Milano   12/4/2000 - 16/4/2000

Spazio Oberdan - Via Vittorio Veneto 2 - Milano


  1. Director: Peter Jones
  2. Scientific Advisor: William J. H. Andrewes, Jonathan Betts, Andrew King
  3. Editor: Eve Gage, Les Filby
  4. Photography: Brian McDiarmant
  5. Music: Dan Jones
  6. Sound: Fraser Barber, Tony Briskham
  7. Producer: David Axelrod
  8. Production: Green Umbrella for WGBH and BBC
  9. United Kingdom
  10. 48 min.
  11. 1999

A best-selling book by Dava Sobel, Longitude tells the story of John Harrison, a humble English carpenter who devoted his entire life to clock-making in an attempt to properly calculate longitude for the first time ever. Drawing on that book, this documentary alternates a narrating voice, interviews and fiction scenes to take us back to XVII century England. When 2,000 skilled sailors of Her Majesty's Navy led by Admiral Shovell died in the Scilly Islands shipwreck, the English Parliament decided to bestow a 20,000 pound reward (appr. 6 million pounds today) on whomever could solve the biggest problem of navigation by developing an accurate method to determine longitude at sea.
Amongst the astronomical methods suggested by astronomers and the unusual and sometimes weird solutions put forth by those allured by the huge reward, Harrison always remained faithful to his original idea – a clock made of top-quality raw materials and equipped with gears that would guarantee its utmost accuracy, capable of withstanding the extreme conditions of navigation: changes in atmospheric pressure, a different gravity at different latitudes, dramatic changes in temperature, plus blows and vibrations.
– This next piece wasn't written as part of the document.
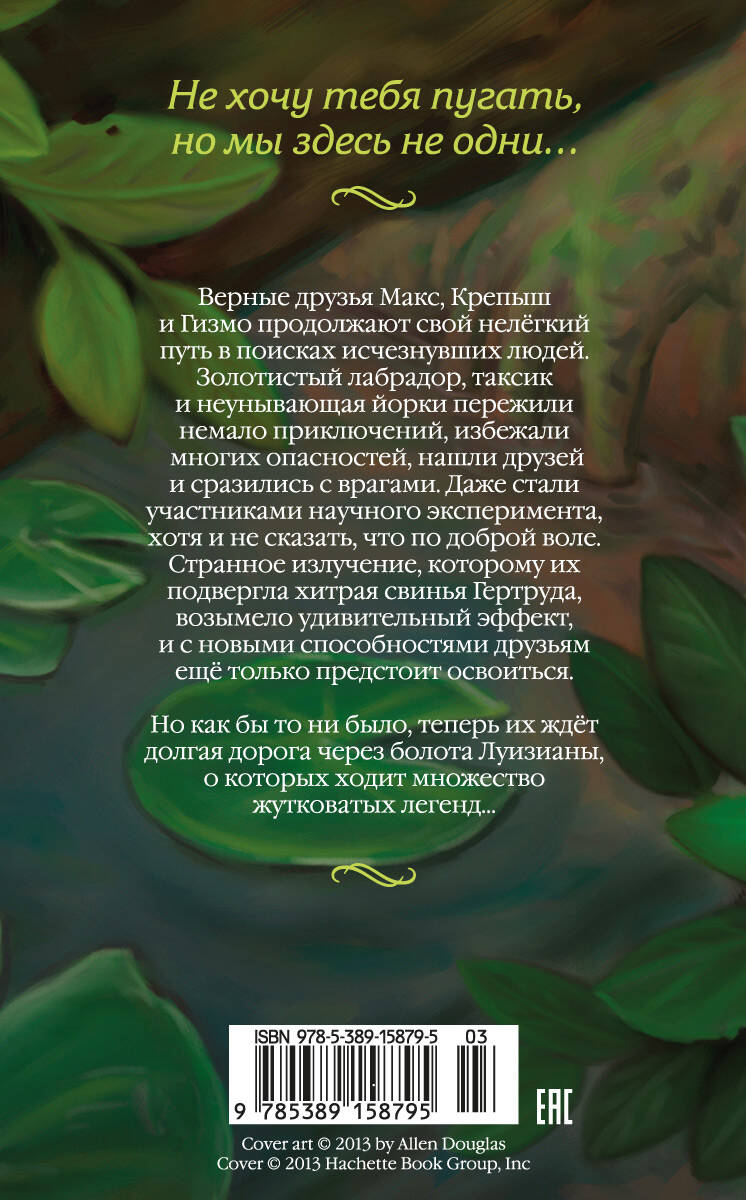 Верные друзья Макс, Крепыш и Гизмо продолжают свой нелёгкий путь в поисках исчезнувших людей. Золотистый лабрадор, таксик и неунывающая йорки пережили немало приключений, избежали множества опасностей, нашли друзей и сразились с врагами. Даже стали участниками научного эксперимента, хотя и не сказать, что по доброй воле. Странное излучение, которому их подвергла хитрая свинья Гертруда, возымело удивительный эффект, и с новыми способностями друзьям ещё только предстоит освоиться. Но как бы то ни было, теперь их ждёт долгая дорога через болота Луизианы, о которых ходит множество жутковатых легенд…| Издательство | Азбука-Аттикус Издат.группа ООО |
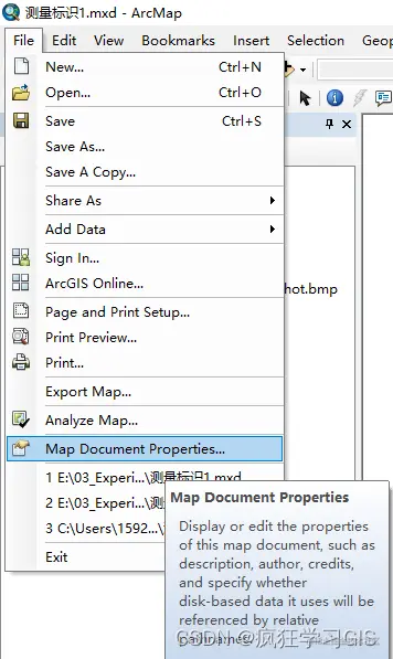此外,还有一种方法,就是在要保存.mxd地图文档文件时,选择“File”→“Map Document Properties...”选项。

After 25 years of hard work, materials study and gear-making that resulted in three not quite satisfactory prototypes called H1, H2 and H3, Harrison finally realized that a smaller timekeeper was the only possible solution and built H4. Despite the fierce opposition of the most distinguished astronomers of the time led by Nevil Maskelyne (who wanted his "lunar clock" to prevail), the accuracy of H4 and the support of King George III allowed Harrison to finally receive the much-desired prize when he was over seventy years old.